7. Robertson RP. Arachidonic acid metabolites relevant to medicine. In: Braunwald E, Isselbacher KJ, Petersdorf RG, et al, eds. Harrison's Principles of Internal Medicine. 11th ed. New York. McGraw-Hill;1987:375.

8. Safayhi H, Mack T, Sabieral J, et al. Boswellic acids: novel, specific nonredox inhibitors of 5-lipoxygenase. J Pharmac Exp Ther 1992;261:1143-1146.

9. Ammon HPT. Salai guggal ­ Boswellia serrata: from a herbal medicine to a specific inhibitor of leukotriene biosynthesis. Phytomedicine 1996;3:67-70.

10. Rall B, Ammon HPT, Safayhi H. Boswellic acids and protease activities. Phytomedicine 1996;3:75-76.

11. Safayhi H, Rall B, Sailer ER, Ammon HPT. Inhibition by Boswellc acids of human leukocyte elastase. J Pharmacol Exp Ther 1997;281:460-463.

12. Lee KH, Spencer MR. Studies on mechanism of action of salicylates V: Effect of salicylic acid on enzymes involved in mucopolysaccharide synthesis. J Pharmacol Sci 1969;58:464-468.

13. Palmowski MJ, Brandt KD. Effect of salicylate on proteoglycan metabolism in normal canine articular cartilage in vitro. Arthritis Rheum 1979;22:746-754.

14. Dekel S, Falconer J, Francis MJO. The effect of anti-inflammatory drugs on glycosaminoglycan sulphation in pig cartilage. Prostaglandins Med 1980;4:133-140.

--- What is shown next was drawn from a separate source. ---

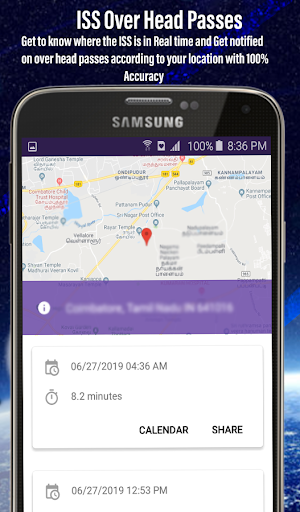 Be notified and check, share and set calendar reminder notifications for your ISS passes that are next in line to be occurred at your location.

15. Brandt KD, Palmoski MJ. Effect of salicylates and other non-steroidal anti-inflammatory drugs on articular cartilage. Am J Med 1984;77:65-69.

16. Reddy GK, Chandraksan G, Dhar SC. Studies on the metabolism of glycosaminoglycans under the influence of new herbal anti-inflammatory agents. Biochem Pharm 1989;38:3527-3534.

17. Gupta I, Parihar A, Malhotra P, et al. Effects of Boswellia serrata gum resin in patients with ulcerative colitis. Eur J Med Res 1997;2:37-43.